ETH/USD Daily Market
Key Levels
- Support levels: $2,150, $2,000, $1,800
- Resistance levels: $2,300, $2,492, $2,895
On the ETHUSD daily chart as of February 2, 2026, Ethereum trades at approximately $2,241 with a recent sharp decline, Parabolic SAR positioned above price confirming the downtrend, and MACD deeply negative with bearish histogram bars signaling continued downward momentum. Key support levels stand at $2,150, $2,000, and $1,800, while three resistance levels to monitor are $2,300 (immediate overhead from recent consolidation), $2,492 (prior Elliott Wave pivot), and $2,895 (previous swing high area).
If price holds above $2,150 and shows reversal signs, a short-term bounce could target $2,300 first, with a decisive break above opening the path to $2,492 and potentially $2,895 in a broader recovery; however, if $2,150 fails, downside extension toward $2,000 becomes likely, and a break below that could accelerate selling pressure to $1,800 before any meaningful bottom forms.
Is ETH Testing a Make-or-Break Support Level Against BTC?
ETHBTC has broken down decisively, trading at 0.02917 as it breaches a major support level, with the Parabolic SAR dots positioned firmly above the price confirming a strong bearish trend. The MACD indicator is deep in negative territory and still descending, reflecting accelerating selling momentum.
The price is now testing the next critical support near 0.02875; a failure to hold here could trigger a swift decline toward much lower levels, leaving the market to question where significant buying interest might finally emerge to halt the slide.
Lookonchain: Trend Research Deleveraging ETH Holdings
A recent Lookonchain update reveals that Trend Research has deposited 33,589 ETH (≈$79M) into Binance over the past 20 hours and withdrawn 77.5M USDT to repay an Aave loan. The entity still holds a significant 618,045 ETH worth about $1.4B.
Trend Research is also selling $ETH to repay its loan on Aave.
Over the past 20 hours, they deposited 33,589 $ETH($79M) into #Binance, then withdrew 77.5M $USDT to repay the debt.
They still hold 618,045 $ETH($1.4B).https://t.co/e2L0pYGex3 pic.twitter.com/OOzFqpiqxk
— Lookonchain (@lookonchain) February 2, 2026
This partial liquidation to reduce leverage may add short-term selling pressure on Ethereum, yet the large remaining position indicates Trend Research is not fully exiting its ETH exposure—potentially reflecting cautious risk management rather than outright bearishness in the current market.
Ethereum’s February Turning Point: Technical Completion Meets Fundamental Strength
While Ethereum (ETH) has faced a staggering market-wide downturn entering February 2026—plummeting toward a multi-month low near $2,150 amid heavy ETF outflows and macro volatility—its fundamental core remains remarkably resilient.
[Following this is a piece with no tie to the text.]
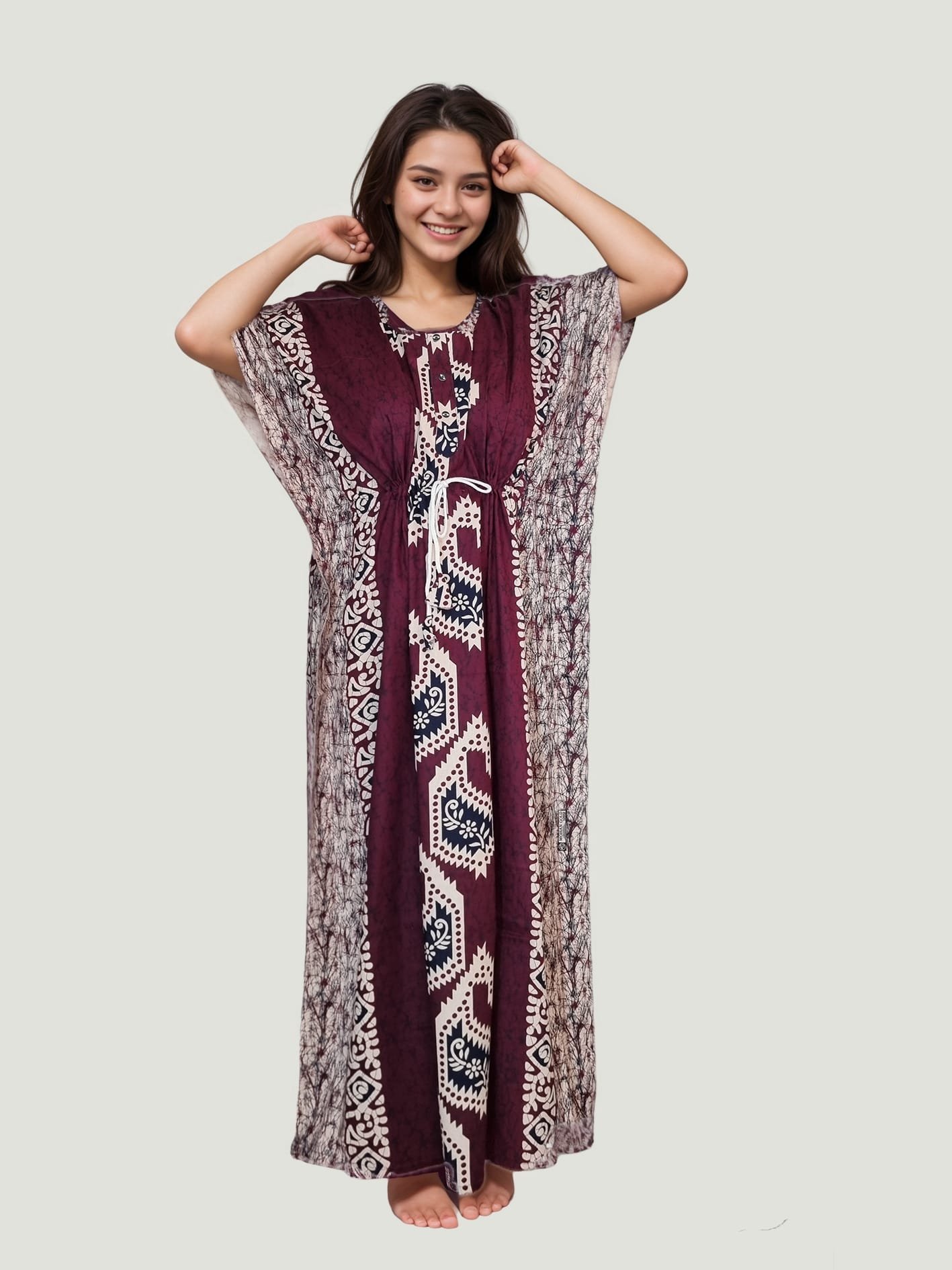 The design stands out with beautiful batik printāinspired ethnic motifs, highlighted by contrast borders and traditional geometric patterns. The stylish neckline with adjustable drawstring detailing adds a functional yet decorative touch, enhancing comfort and fit. Wide sleeves and a loose structure make this kaftan perfect for sleeping, lounging, maternity wear, or relaxed daytime wear.
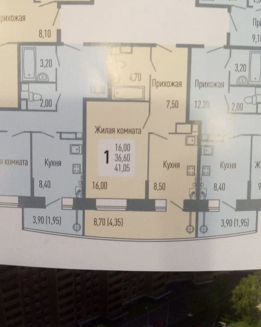 Общая площадь 41.05 м2

Institutional accumulation is hitting record levels, with firms like Bitmine and Trend Research aggressively adding billions in ETH to their treasuries, while on-chain activity has surged to over 2.7 million daily transactions.
Ethereum (ETH) – Elliott Wave Update
Technically, the recent decline appears largely complete per Elliott Wave analysis, with the short-term five-wave C-wave drop concluded and broader structure signaling exhaustion; key supports at $2,252, $2,118, and $1,818 have held amid volatility, while minor micro lows near $2,150 or $2,072 could still materialize before reversal. A convincing five-wave break above $2,492 would confirm the low is in, paving the way for a short-term bullish February via a potential B-wave rally in the bigger picture. Could this combination of technical exhaustion and strengthening long-term infrastructure finally spark Ethereum’s next major upside move?